You’re absolutely right! The hardware has advanced so much that it can mask the underlying stupidity of the system. Until, that is, there is an unhandled condition that ends catastrophically. As you say, the research on this problem has been available for half a century. These modern AI systems are just faster but you still have the edge-case problem. The “Caracetamol” solution proposed by the researchers is a symptom of the weakness of all these systems. They encountered a dangerous failure state and developed a custom patch to address this unique condition (SirenExists?). This patch now gets overlaid onto what was supposed to be a general intelligence learning system. It becomes an escape condition that overrides the normal decision-making process. The problem is that by now, all of these driver-assist systems have become a rat’s nest of escape conditions to handle all of the accumulated and dangerous edge cases. Because their business model is based on beta testing in the real world, we have to find out on public roads what happens when Caracetamol interacts with, say, someone’s hi-vis running shirt.

LMCorvairFan
LMCorvairFan
1 month ago
Reply to  Erik Hancock

We used to call it a brittle system back in the day. The thing that makes me nervous are the vast number of edge and corner cases that can occur in the real work that cannot possibly be anticipated. Sure you can patch and shim in bandaids, but the system will never be complete and will get progressively more unstable.

LMCorvairFan
LMCorvairFan
1 month ago
Reply to  Erik Hancock

Started out on Lisp and prolog, worked on Symbolics Workstations doing a legal statute language translation system which failed spectacularly. That was a well defined problem with a theoretically solvable solution until multiple languages and legal interpretations are added into the mix.

DriveSheSaid
DriveSheSaid
1 month ago

Is Mary Hart driving?!

Ash78
Ash78
1 month ago
Reply to  DriveSheSaid

That red light is burning into my brain!
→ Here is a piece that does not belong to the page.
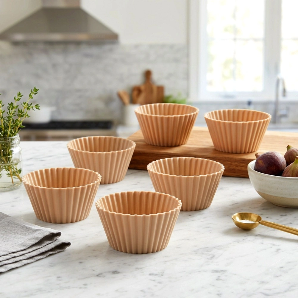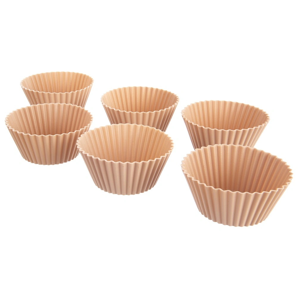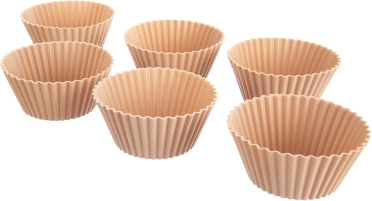 Set practic de șase forme din silicon pentru brioșe, în nuanță elegantă de bej, pentru coptul zilnic. Datorită materialului flexibil, aluatul nu se lipește, deserturile se scot ușor, iar formele sunt reutilizabile. Rezistă la temperaturi între -40 °C și +220 °C, astfel încât le poți folosi în cuptor, cuptorul cu microunde și congelator. Sunt compatibile cu mașina de spălat vase și reprezintă o alternativă ecologică la formele de hârtie.

My rods and cones are all messed up.

DriveSheSaid
DriveSheSaid
1 month ago
Reply to  Ash78

You’ve got to stop eating that Kenny Rogers Chicken so late if it’s gonna affect you that way!

Icouldntfindaclevername
Icouldntfindaclevername
1 month ago

Geez, I have the same problem with the lights and I’m not epileptic. Especially with the new modern ULTRA BRIGHT lights on police cars now.

Yeah, I get they’re suppose to keep the officer safe and to inform divers they are there, but why blind everyone? Least for me, my pupils can’t open and close fast enough at night.

Usernametaken
Usernametaken
1 month ago

I particularly dislike when, say it’s night, precipitating, you slow and pull over to let the fire truck roll past then realize you can’t see a goddamn thing while the traffic behind you expects you to merge back in

Jatkat
Jatkat
1 month ago

My question is, why, when they are responding to a call, and are parked in a parking lot, do the lights need to be in full AAHHH PURSUIT mode??

Baltimore Paul
Baltimore Paul
1 month ago
Reply to  Jatkat

With all due respect to our first responders…. They keep the lights flashing in the parking lot because they like the attention

Musicman27
Musicman27
1 month ago
Reply to  Jatkat

Real life is NOT Need For Speed people.